Start of Supplied information
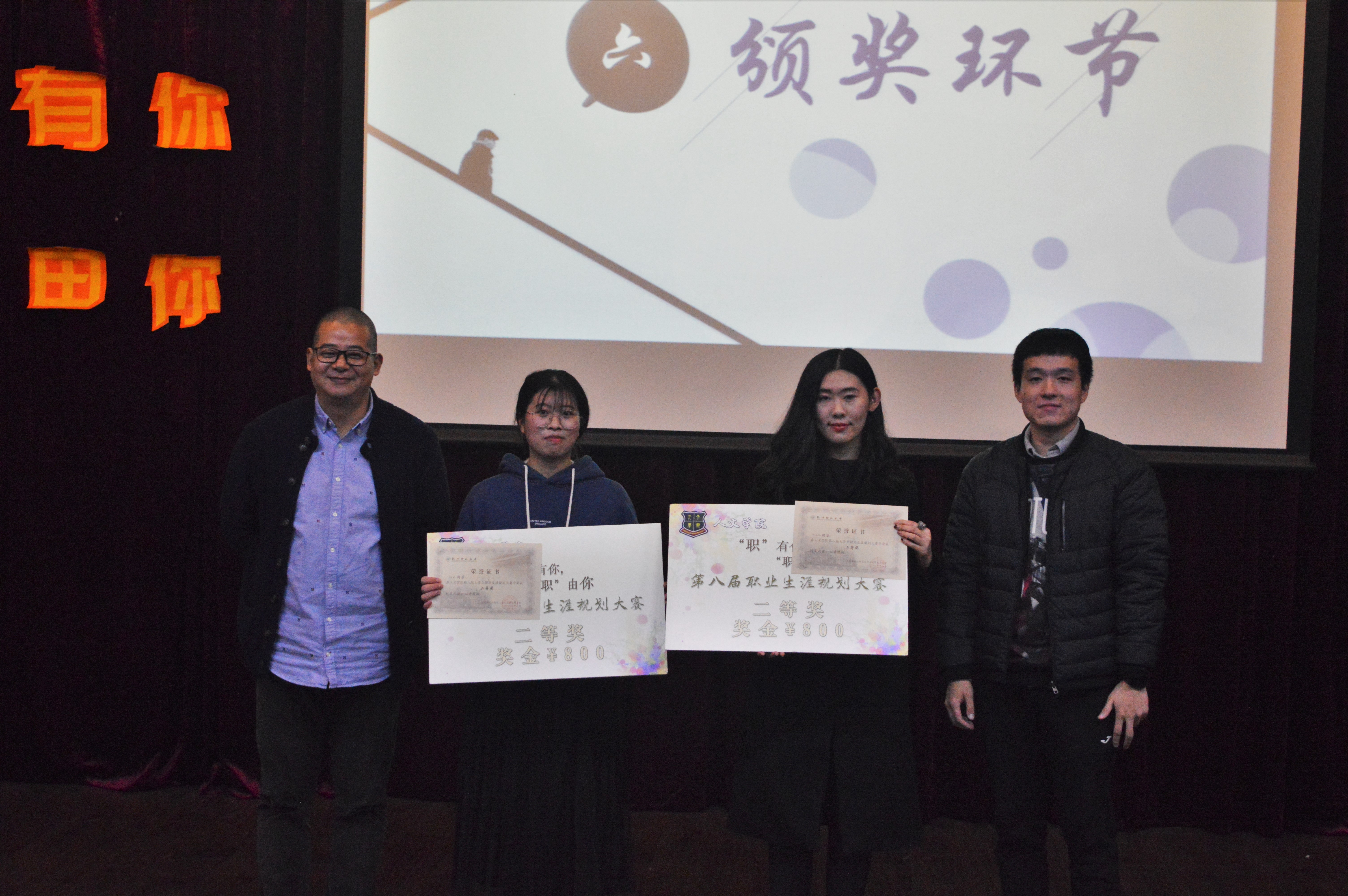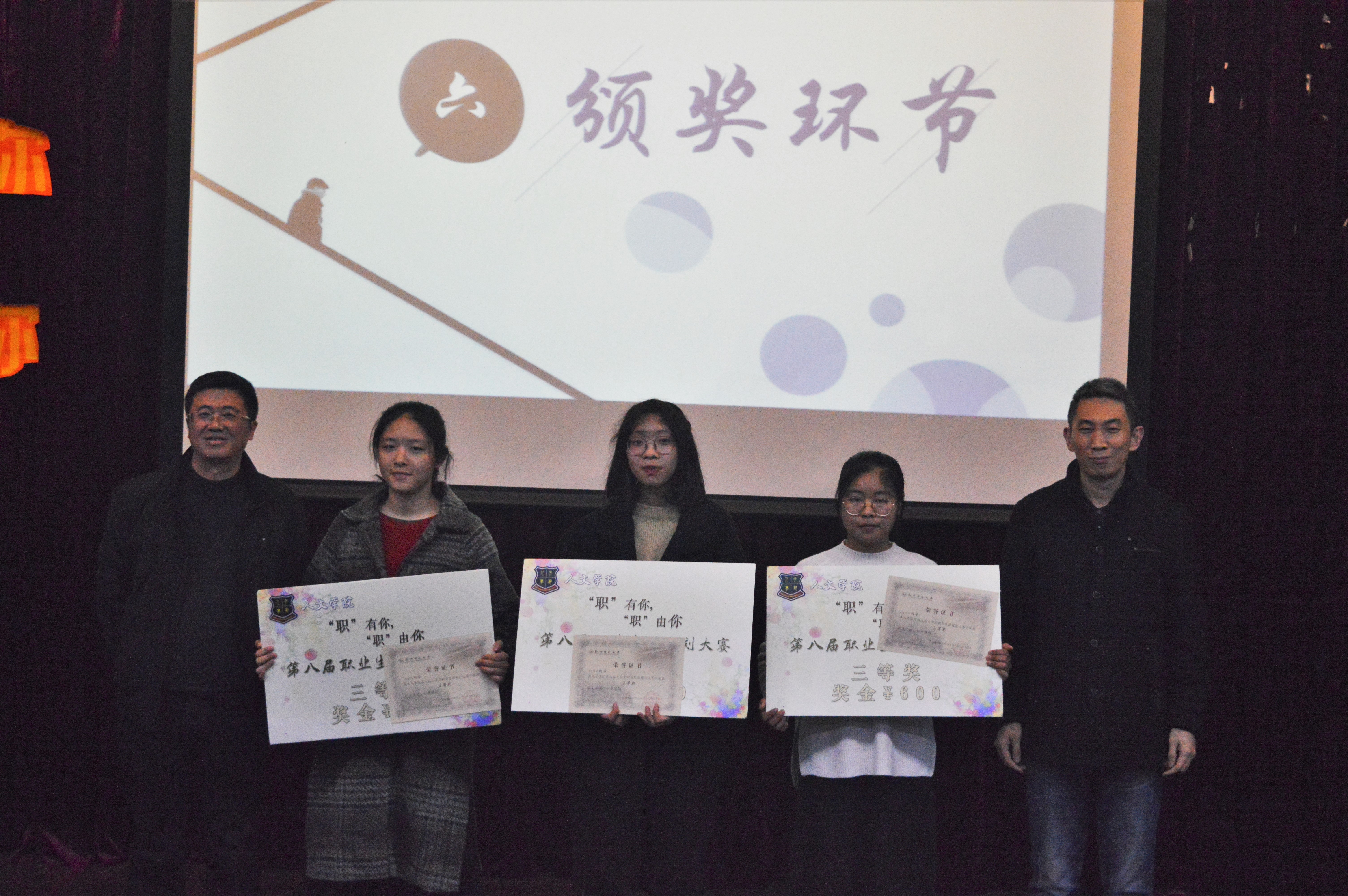 本次决赛以“‘职’有你,‘职’由你”为主题,经过初赛、复赛的选拔,六位选手脱颖而出进入决赛。决赛由选手们按抽签顺序进行10分钟的登台展示与15分钟左右的现场答辩两部分组成。决赛选手从职业市场环境、自我测评分析、不同时期规划、职业生涯风险等方面对自己的规划进行了全面而细致的讲述,展现出小黄书 学子朝气蓬勃的青年风采。每位选手在答辩环节也得到了评委嘉宾们的殷切鼓励与中肯独到的建议。最终,中文163班的竺世佑同学以其独特的戏剧表现方式和真挚的仁爱之心获得了此次比赛的一等奖,中文163班的吴安妮和中文161班的徐苏杭同学获得了二等奖,汉教181班的何昕怡、中文172班的陈思羽、人教171郭勤亿获得了三等奖。
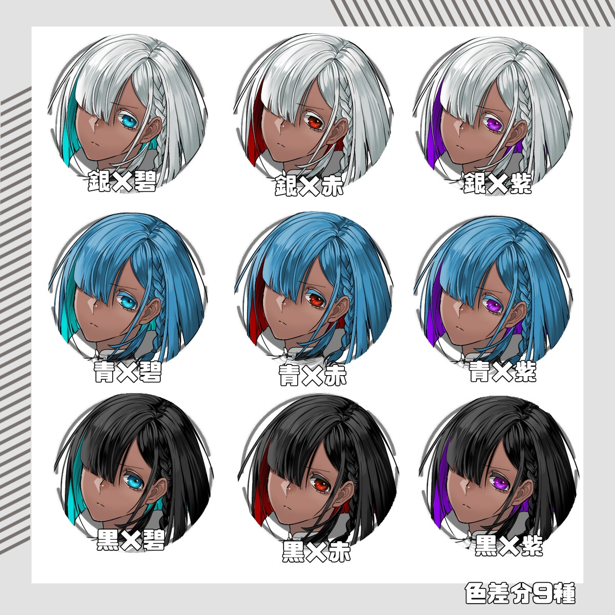 髪色、目の色の組み合わせ差分9種をダウンロードいただけます。
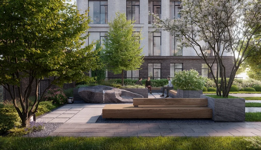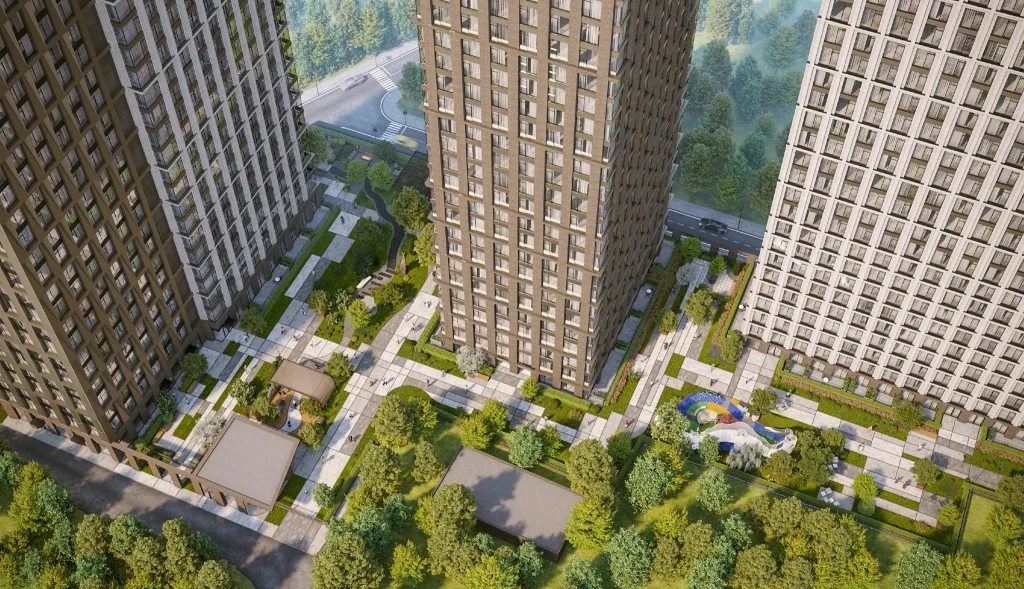 Современная архитектурная концепция здания с панорамным остеклением не только обеспечивает отличные виды, но и идеально вписывается в концепцию района, стекло отражает зелень парков и водную гладь, создавая затейливые переливы. Современный входные группы и дизайнерское лобби гостеприимно встречают гостей и жителей дома. За тишину и спокойствие отвечает эффективное шумоизоляционное остекление. Подземный паркинг поддерживает концепцию «двор без машин».
End of Supplied information
### Exercise details
Return exactly the lines from the line with "髪色、目の色の組み合わせ差分9種をダウンロードいただけます。" through the last line of the data above, both included; pictures do not go in the answer.

### Your response
 髪色、目の色の組み合わせ差分9種をダウンロードいただけます。
 Современная архитектурная концепция здания с панорамным остеклением не только обеспечивает отличные виды, но и идеально вписывается в концепцию района, стекло отражает зелень парков и водную гладь, создавая затейливые переливы. Современный входные группы и дизайнерское лобби гостеприимно встречают гостей и жителей дома. За тишину и спокойствие отвечает эффективное шумоизоляционное остекление. Подземный паркинг поддерживает концепцию «двор без машин».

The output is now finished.